» **Exercise brief**
Return all entries precisely as they stand, without the images.

-- Opening Marker --

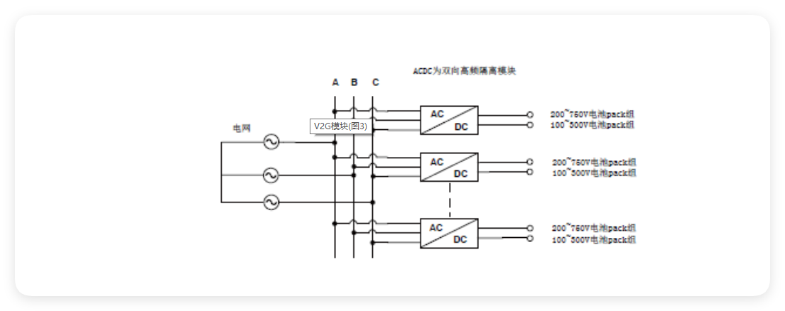 高頻隔離技術(shù)取代傳統(tǒng)的工頻隔離方式,顯著提高了系統(tǒng)效率,降低了系統(tǒng)成本,并減小了占地面積,實(shí)現(xiàn)了節(jié)能增效的目標(biāo)。以下為雙向高頻隔離電源用于電池化成與分容的解決方案示意圖,電池pack分組接入模塊,省去了工頻變壓器,系統(tǒng)效率更高,尺寸更小。
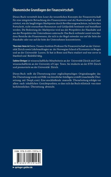 Dieses Buch vermittelt dem Leser die wesentlichen Konzepte der Finanzwirtschaft für eine integrierte Betrachtung des Finanzsystems und der Realwirtschaft. Es wird erörtert, wie die langfristigen Marktpreise durch Bevölkerungswachstum, technischen Fortschritt und nicht erneuerbare Ressourcen bestimmt und beeinflusst werden. Die Bedeutung von Marktpreisen wird sowohl aus der Perspektive der Haushalte als auch aus der Perspektive der Unternehmen untersucht. Das Buch verbindet somit verschiedene Bereiche des Finanzwesens, die sich in der Regel entweder nur auf die Seite der Haushalte oder nur auf die Seite der Unternehmen konzentrieren.
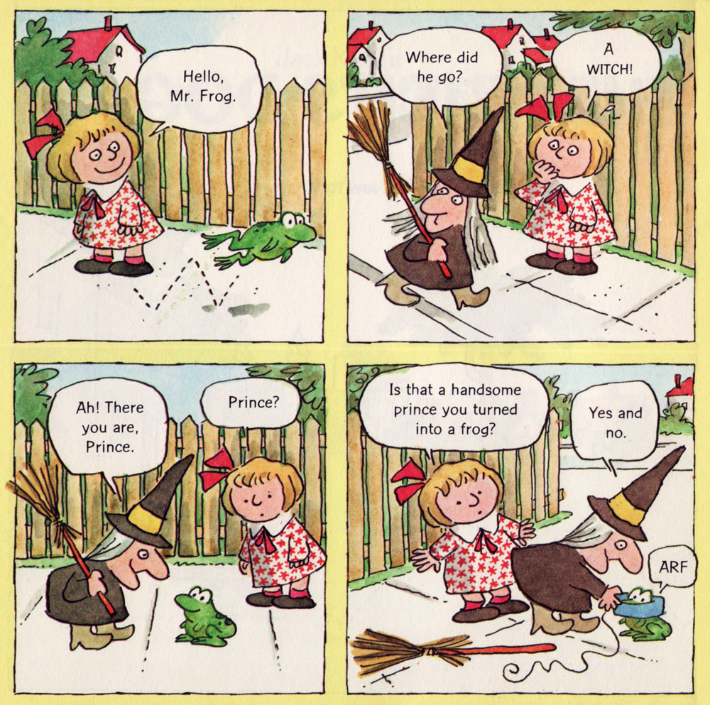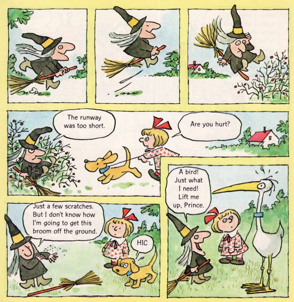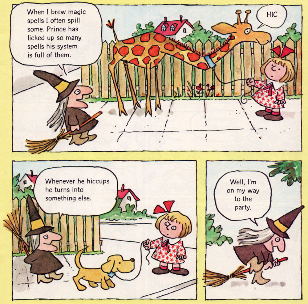 In the meantime, and since it is very much of the season, let us concentrate on the short, but no less lovable for its length, Cindy Lou and the Witch’s Dog, a children’s book (well, nearly more of a booklet) from 1978. Aside from the presence of a witch in the tale (as announced by the title), it also features hiccupping as a main plot point, a state of things close to my heart as I am quite prone to this affliction, though I fortunately do not undergo metamorphosis with each involuntary contraction of the diagram. Here’s a factoid of the day: the medical name for hiccup is singultus, from the Latin singult which means ‘to catch one’s breath while sobbing’. My grandmother always thought there was something profoundly wrong with me with all these hiccups… but then she was also convinced I’d grow up to be an alcoholic from sharing an occasional beer with my dad, so perhaps her forebodings can be dismissed.
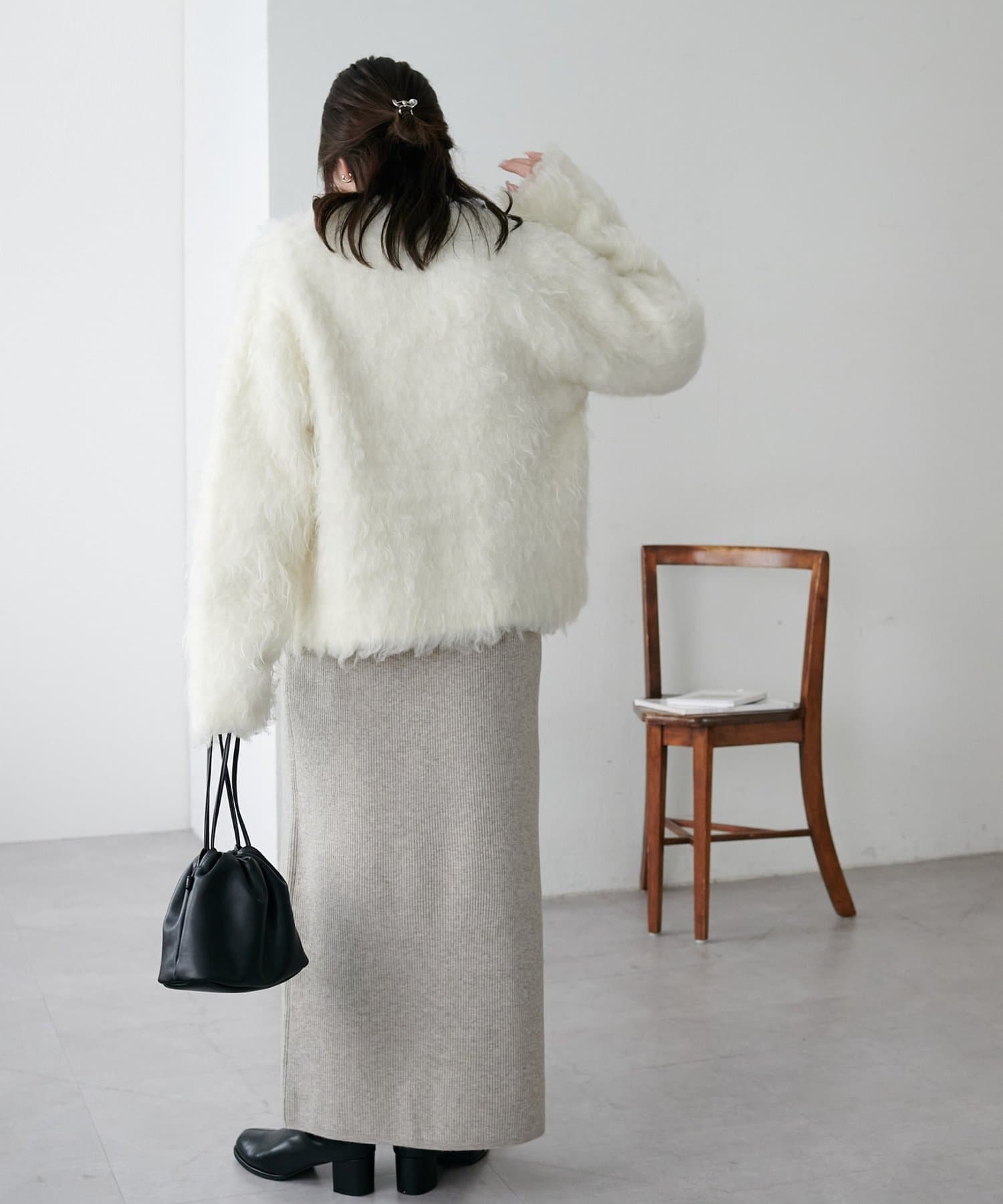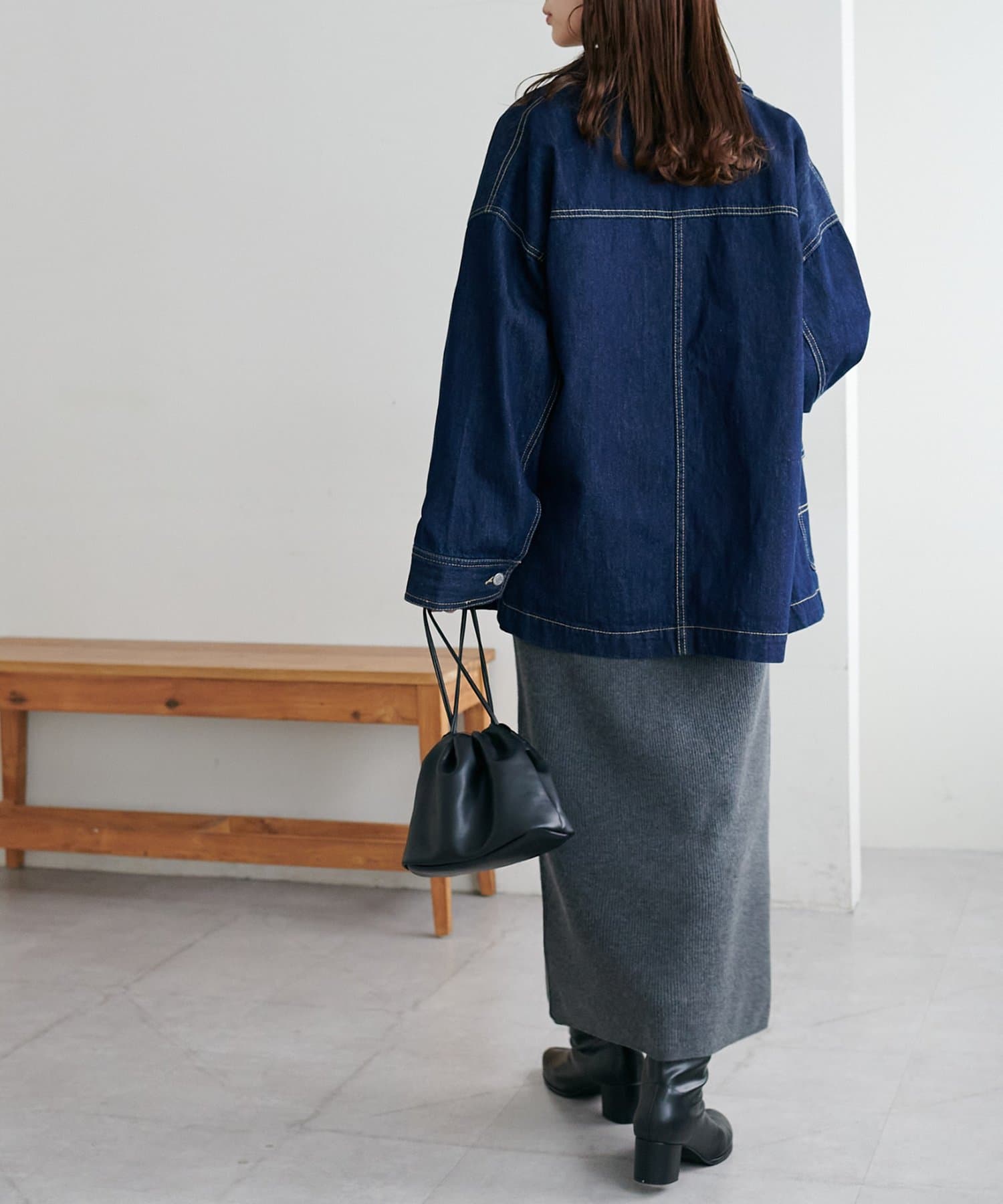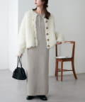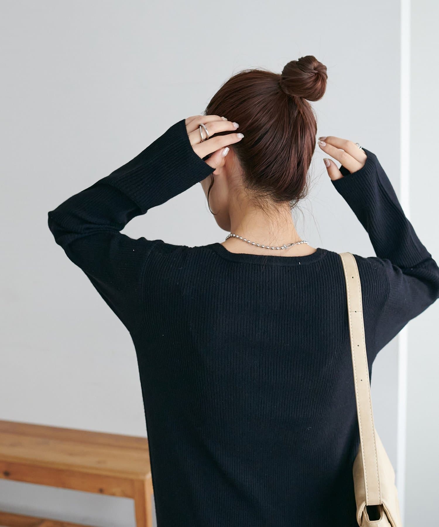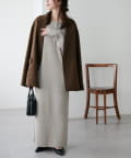 Iラインを強調したすっきりと見えるシルエットですが、凹凸感のあるリブ生地で体にフィットしすぎず着ていただけます◎
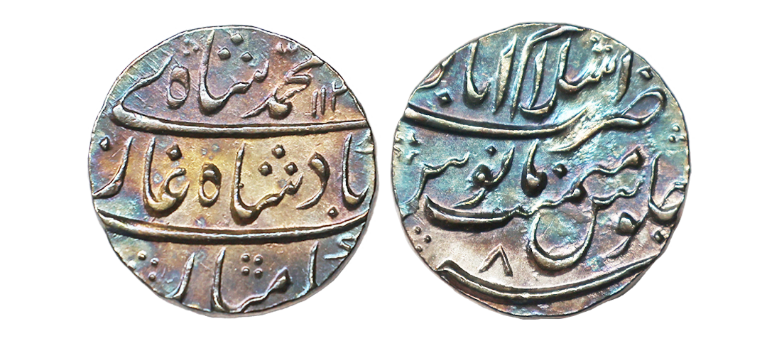 Mughal, Farrukhsiyar (AH 1124-1131 / 1713-1719 AD), Gold Mohur, 10.80g, Azamnagar Gokak Mint, RY 2, mint name split in two parts. Unlisted in KM. Extremely Fine.
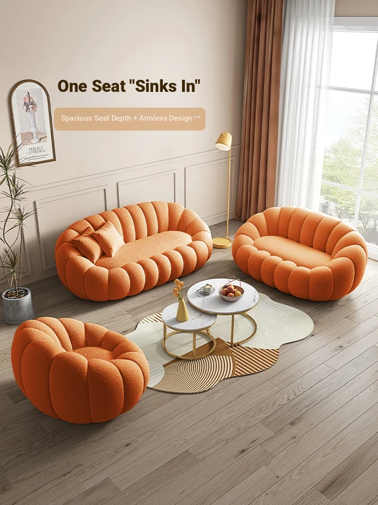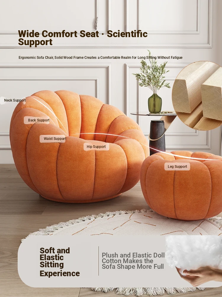 Cozy Ins-Style Lazy Pumpkin Sofa Chair - Versatile Single Lounger for Relaxing, Sleeping, and Unwinding in Your Balcony or Bedroom - Plush Lambswool Fabric for Ultimate Comfort
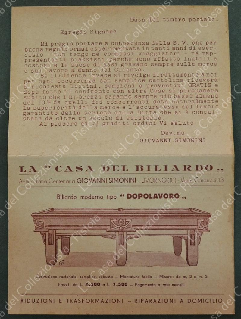 FABBRICA BILIARDI SIMONINI di LIVORNO. Cartolina doppia, anni 1920.
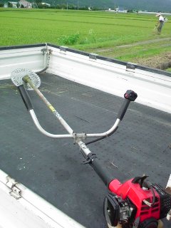 んで、この機械はブラシカッターって言うんだけども、背中に背負うタイプのと斜めがけにするタイプのとあります。
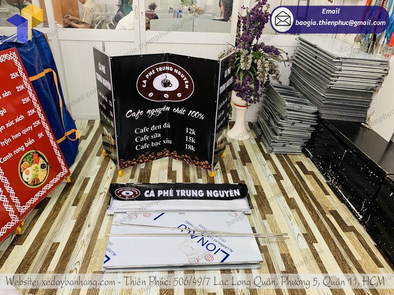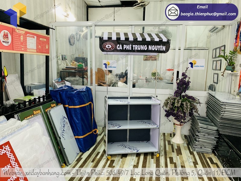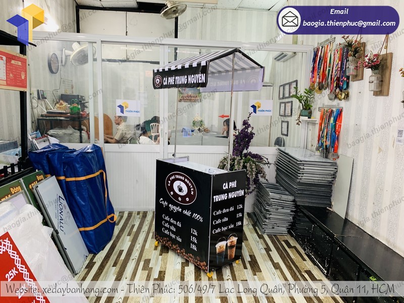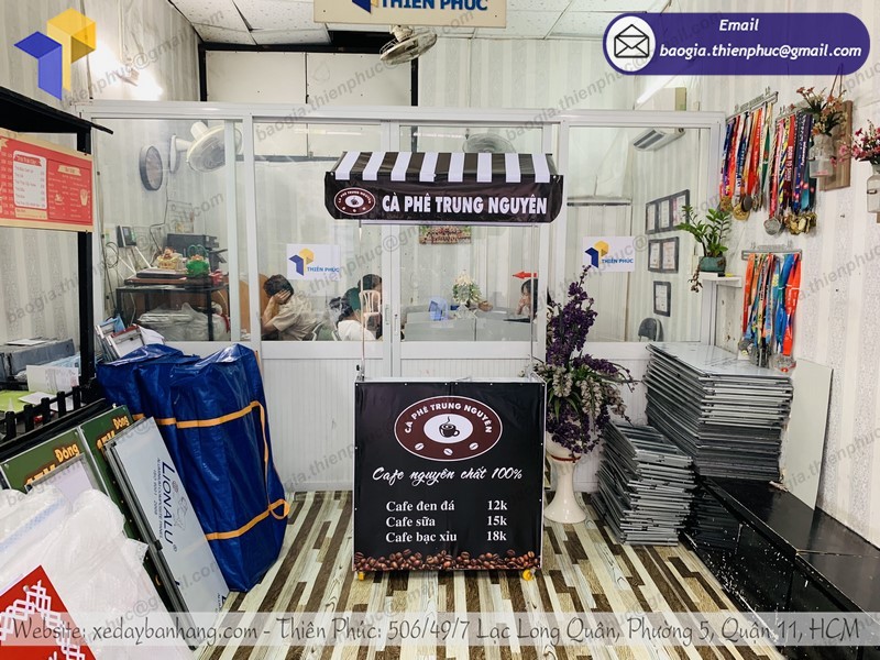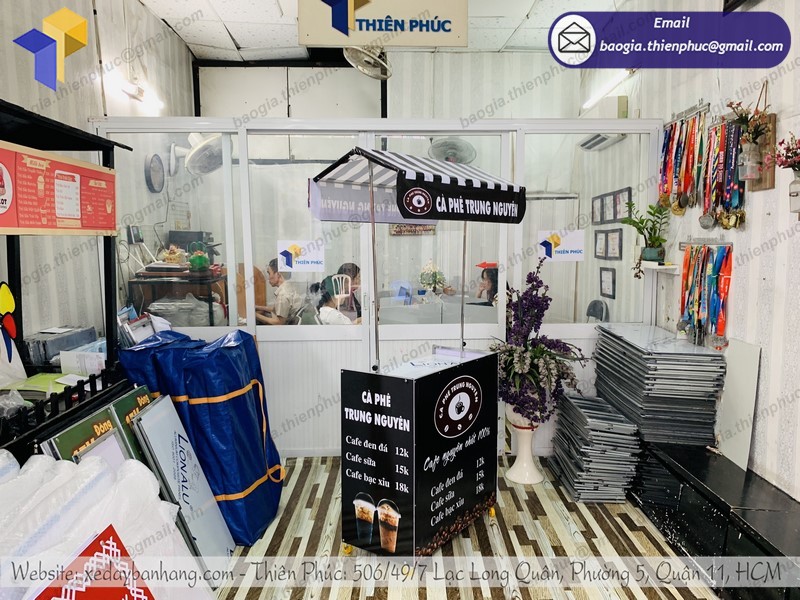Công ty thiết kế và thi công quảng cáo Thiên Phúc chuyên sản xuất và phân phối xe lắp ráp bán cà phê lưu động với nhiều mẫu mã đẹp mắt. Ngoài xe đẩy, còn có kiot bán hàng, xe đạp bán hàng lưu động, quầy xe lắp ráp và phụ kiện quảng cáo, tủ kiếng,..
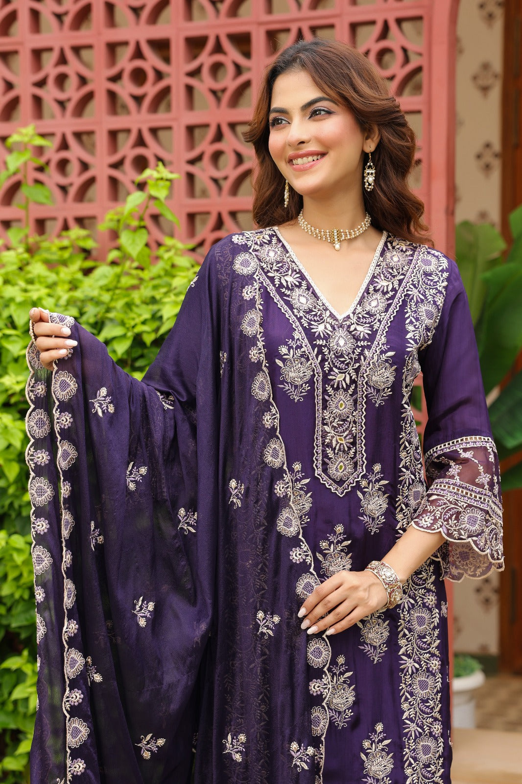 The Urvashi Suit Set is designed for women who love a fully embroidered look with a rich festive appeal. Paired with embroidered pants and a dupatta, it is a statement outfit for celebrations and special gatherings.
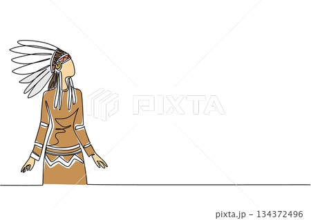 Continuous line drawing of a Native American woman in traditional dress and feathered headdress, expressing cultural heritage concept for American Indian Citizenship Day in a history and pride theme.

-- Closing Marker --

» **Solution**
 高頻隔離技術(shù)取代傳統(tǒng)的工頻隔離方式,顯著提高了系統(tǒng)效率,降低了系統(tǒng)成本,并減小了占地面積,實(shí)現(xiàn)了節(jié)能增效的目標(biāo)。以下為雙向高頻隔離電源用于電池化成與分容的解決方案示意圖,電池pack分組接入模塊,省去了工頻變壓器,系統(tǒng)效率更高,尺寸更小。
 Dieses Buch vermittelt dem Leser die wesentlichen Konzepte der Finanzwirtschaft für eine integrierte Betrachtung des Finanzsystems und der Realwirtschaft. Es wird erörtert, wie die langfristigen Marktpreise durch Bevölkerungswachstum, technischen Fortschritt und nicht erneuerbare Ressourcen bestimmt und beeinflusst werden. Die Bedeutung von Marktpreisen wird sowohl aus der Perspektive der Haushalte als auch aus der Perspektive der Unternehmen untersucht. Das Buch verbindet somit verschiedene Bereiche des Finanzwesens, die sich in der Regel entweder nur auf die Seite der Haushalte oder nur auf die Seite der Unternehmen konzentrieren.
 In the meantime, and since it is very much of the season, let us concentrate on the short, but no less lovable for its length, Cindy Lou and the Witch’s Dog, a children’s book (well, nearly more of a booklet) from 1978. Aside from the presence of a witch in the tale (as announced by the title), it also features hiccupping as a main plot point, a state of things close to my heart as I am quite prone to this affliction, though I fortunately do not undergo metamorphosis with each involuntary contraction of the diagram. Here’s a factoid of the day: the medical name for hiccup is singultus, from the Latin singult which means ‘to catch one’s breath while sobbing’. My grandmother always thought there was something profoundly wrong with me with all these hiccups… but then she was also convinced I’d grow up to be an alcoholic from sharing an occasional beer with my dad, so perhaps her forebodings can be dismissed.
 Iラインを強調したすっきりと見えるシルエットですが、凹凸感のあるリブ生地で体にフィットしすぎず着ていただけます◎
 Mughal, Farrukhsiyar (AH 1124-1131 / 1713-1719 AD), Gold Mohur, 10.80g, Azamnagar Gokak Mint, RY 2, mint name split in two parts. Unlisted in KM. Extremely Fine.
 Cozy Ins-Style Lazy Pumpkin Sofa Chair - Versatile Single Lounger for Relaxing, Sleeping, and Unwinding in Your Balcony or Bedroom - Plush Lambswool Fabric for Ultimate Comfort
 FABBRICA BILIARDI SIMONINI di LIVORNO. Cartolina doppia, anni 1920.
 んで、この機械はブラシカッターって言うんだけども、背中に背負うタイプのと斜めがけにするタイプのとあります。
Công ty thiết kế và thi công quảng cáo Thiên Phúc chuyên sản xuất và phân phối xe lắp ráp bán cà phê lưu động với nhiều mẫu mã đẹp mắt. Ngoài xe đẩy, còn có kiot bán hàng, xe đạp bán hàng lưu động, quầy xe lắp ráp và phụ kiện quảng cáo, tủ kiếng,..
 The Urvashi Suit Set is designed for women who love a fully embroidered look with a rich festive appeal. Paired with embroidered pants and a dupatta, it is a statement outfit for celebrations and special gatherings.
 Continuous line drawing of a Native American woman in traditional dress and feathered headdress, expressing cultural heritage concept for American Indian Citizenship Day in a history and pride theme.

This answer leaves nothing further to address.